● **Supplied entries**
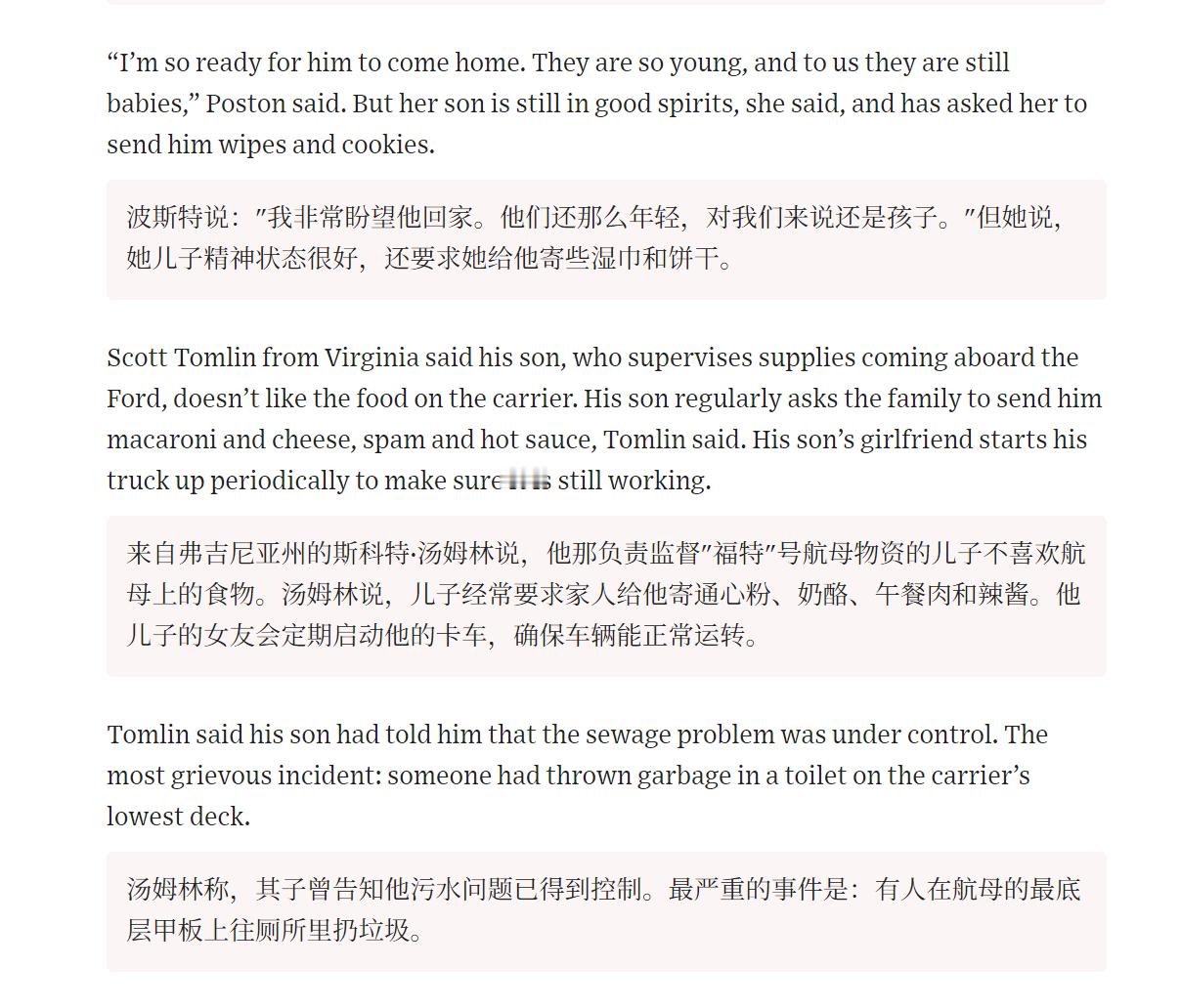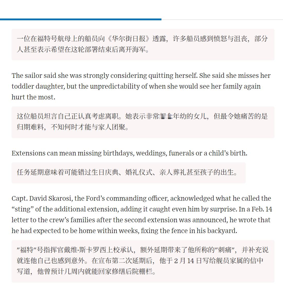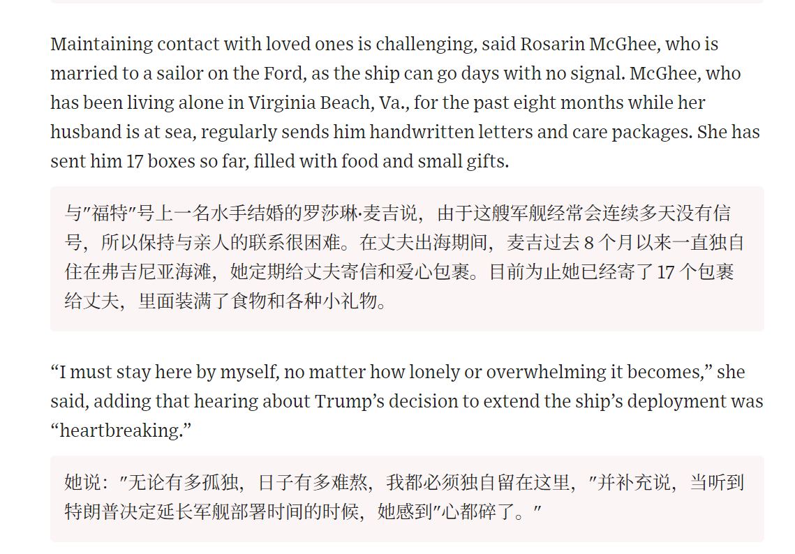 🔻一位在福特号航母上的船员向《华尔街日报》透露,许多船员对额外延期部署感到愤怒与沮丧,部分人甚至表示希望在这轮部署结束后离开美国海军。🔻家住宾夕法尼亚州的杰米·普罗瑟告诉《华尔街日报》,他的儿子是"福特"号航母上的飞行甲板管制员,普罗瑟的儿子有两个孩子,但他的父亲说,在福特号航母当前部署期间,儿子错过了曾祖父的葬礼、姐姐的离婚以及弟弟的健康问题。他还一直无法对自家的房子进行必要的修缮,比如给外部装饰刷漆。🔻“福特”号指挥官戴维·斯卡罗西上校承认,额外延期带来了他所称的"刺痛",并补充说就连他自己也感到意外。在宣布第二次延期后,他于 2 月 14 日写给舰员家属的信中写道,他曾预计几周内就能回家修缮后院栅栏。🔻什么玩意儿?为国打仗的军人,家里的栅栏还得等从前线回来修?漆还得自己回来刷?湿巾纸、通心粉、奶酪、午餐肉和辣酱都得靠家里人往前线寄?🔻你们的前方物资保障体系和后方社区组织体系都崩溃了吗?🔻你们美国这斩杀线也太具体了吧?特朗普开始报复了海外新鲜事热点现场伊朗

...

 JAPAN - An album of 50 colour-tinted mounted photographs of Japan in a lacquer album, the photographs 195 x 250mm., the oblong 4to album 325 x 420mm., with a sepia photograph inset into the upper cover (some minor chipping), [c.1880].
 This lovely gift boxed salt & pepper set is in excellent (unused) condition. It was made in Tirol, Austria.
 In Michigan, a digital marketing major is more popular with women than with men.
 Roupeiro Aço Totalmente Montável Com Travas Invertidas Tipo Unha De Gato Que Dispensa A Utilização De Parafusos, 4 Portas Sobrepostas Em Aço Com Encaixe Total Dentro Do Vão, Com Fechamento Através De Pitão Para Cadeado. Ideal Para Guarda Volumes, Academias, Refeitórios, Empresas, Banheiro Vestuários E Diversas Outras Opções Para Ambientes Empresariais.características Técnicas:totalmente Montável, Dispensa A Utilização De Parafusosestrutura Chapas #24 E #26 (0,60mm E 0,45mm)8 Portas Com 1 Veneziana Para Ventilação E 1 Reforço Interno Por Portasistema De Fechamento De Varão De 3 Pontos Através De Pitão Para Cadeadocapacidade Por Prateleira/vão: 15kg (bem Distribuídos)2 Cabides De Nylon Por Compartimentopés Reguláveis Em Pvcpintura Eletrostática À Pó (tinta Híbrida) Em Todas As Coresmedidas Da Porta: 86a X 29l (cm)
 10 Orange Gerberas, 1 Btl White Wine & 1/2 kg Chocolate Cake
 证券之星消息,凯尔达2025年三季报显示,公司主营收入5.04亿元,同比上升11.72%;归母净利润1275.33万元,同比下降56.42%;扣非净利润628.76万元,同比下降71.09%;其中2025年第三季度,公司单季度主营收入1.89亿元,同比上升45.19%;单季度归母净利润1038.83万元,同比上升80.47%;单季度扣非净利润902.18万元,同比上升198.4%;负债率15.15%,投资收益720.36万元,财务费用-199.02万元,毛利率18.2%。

● **Task item**
Search the listing for the word "with", and copy every line in which it is found.

● **Exercise result**
 JAPAN - An album of 50 colour-tinted mounted photographs of Japan in a lacquer album, the photographs 195 x 250mm., the oblong 4to album 325 x 420mm., with a sepia photograph inset into the upper cover (some minor chipping), [c.1880].
 In Michigan, a digital marketing major is more popular with women than with men.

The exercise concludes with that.